C’est un souvenir d’enfance — mes grands-parents habitaient Douarnenez — que depuis longtemps je voulais retrouver. Eh bien ça y est ! Je suis passé à Douarnenez un jour de marché, j’en ai acheté deux pots en provenance de la ferme de Penn ar Menez, de Quimerc’h.
J’ai retrouvé toutes les sensations, et il m’est aussi revenue en mémoire la manière de déguster ce fameux gros lait ! Allez, je vous raconte…
On achetait le gros lait au marché, très animé à ‘époque, plusieurs paysannes en vendaient. La marchande puisait dans son seau deux ou trois louches qu’elle versait dans le pot que nous avions apporté.
Au goûter, on s’en servait un bol, délicatement, pour ne pas briser la texture qui était assez semblable à celle d’un yaourt ordinaire, un peu plus tremblante peut-être.
On prenait une cuillère, un délicieux pétillant acidulé nous emplissait la bouche. Comme si des milliers de bulles microscopiques venaient nous chatouiller les papilles. Sont-elles réelles, ces bulles, ou bien est-ce juste une sensation provoquée par l’acidité du gros lait ? Mystère…

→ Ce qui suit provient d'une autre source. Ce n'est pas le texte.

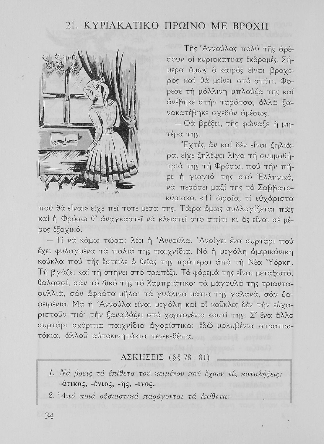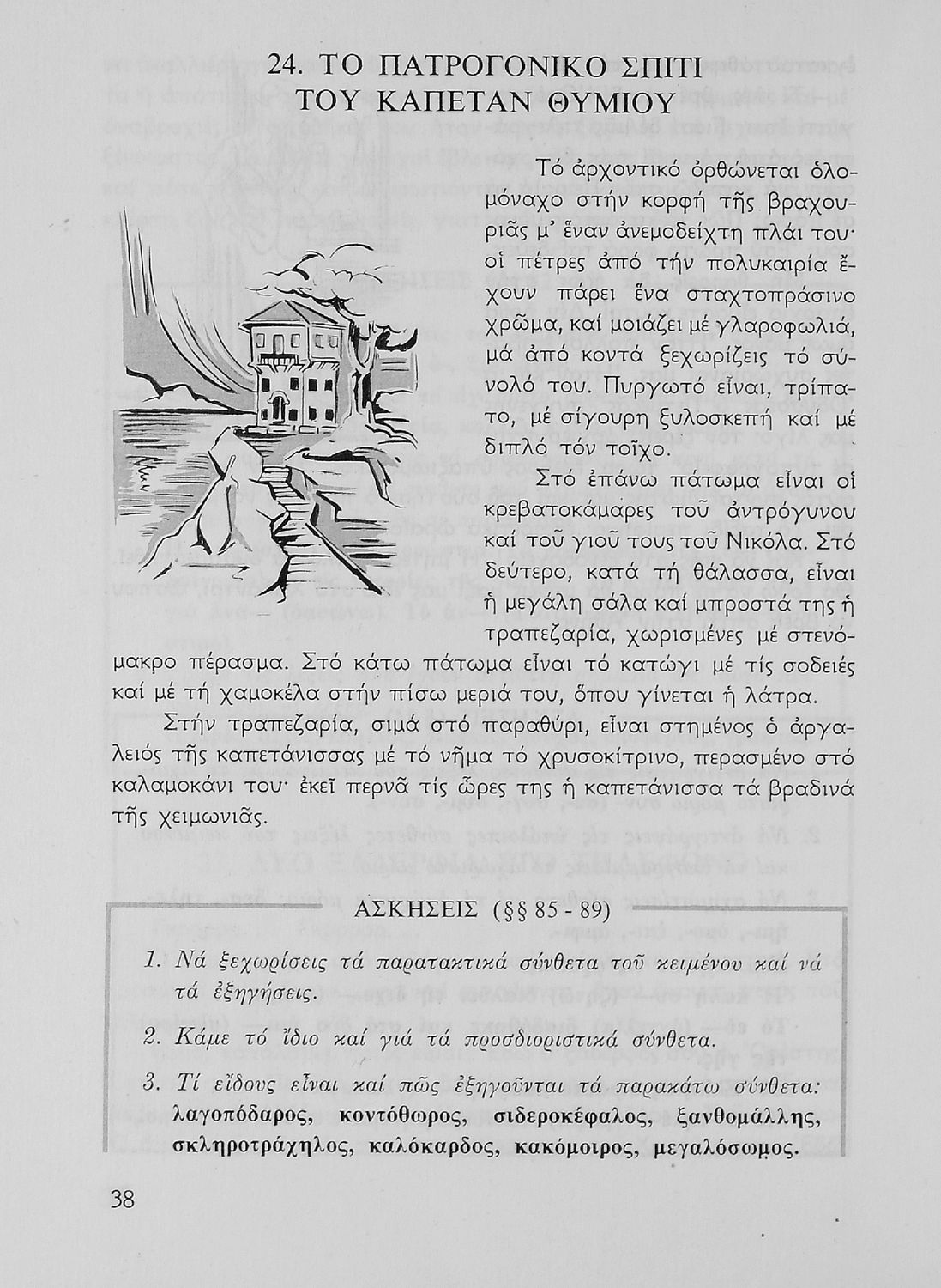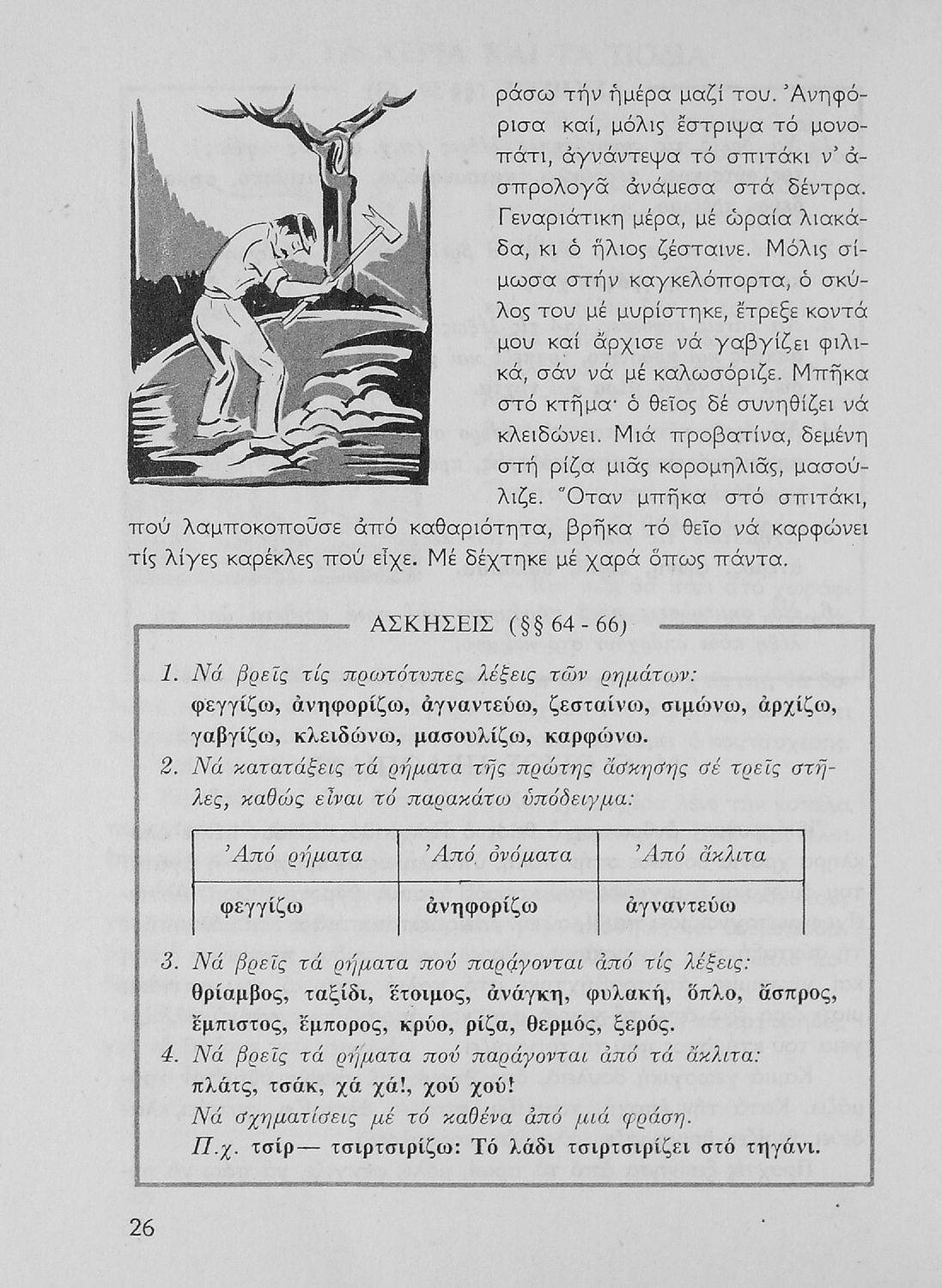 Σχολικό εγχειρίδιο για τη Γραμματική με κείμενα και ασκήσεις πάνω στα μέρη του λόγου και τις κλίσεις τους για εξάσκηση και εμπέδωση των μαθητών.

Après deux ou trois cuillères ainsi appréciées, on changeait de tactique : on ajoutait du sucre en poudre et on battait, c’est-à-dire qu’on remuait vigoureusement à l’aide de la cuillère. Ça prenait bien trois minutes, le poignet se fatiguait, le sucre fondait, les grains finissaient par disparaître, mais surtout la consistance changeait du tout au tout : ça devenait filant, plus liquide, on jugeait du résultat en laissant couler un peu de gros lait depuis la cuillère.
Alors on mangeait tout autre chose : le gros lait était devenu tout doux, le pétillant et l’acidité avaient disparu, remplacés par une onctuosité et un velouté incroyables.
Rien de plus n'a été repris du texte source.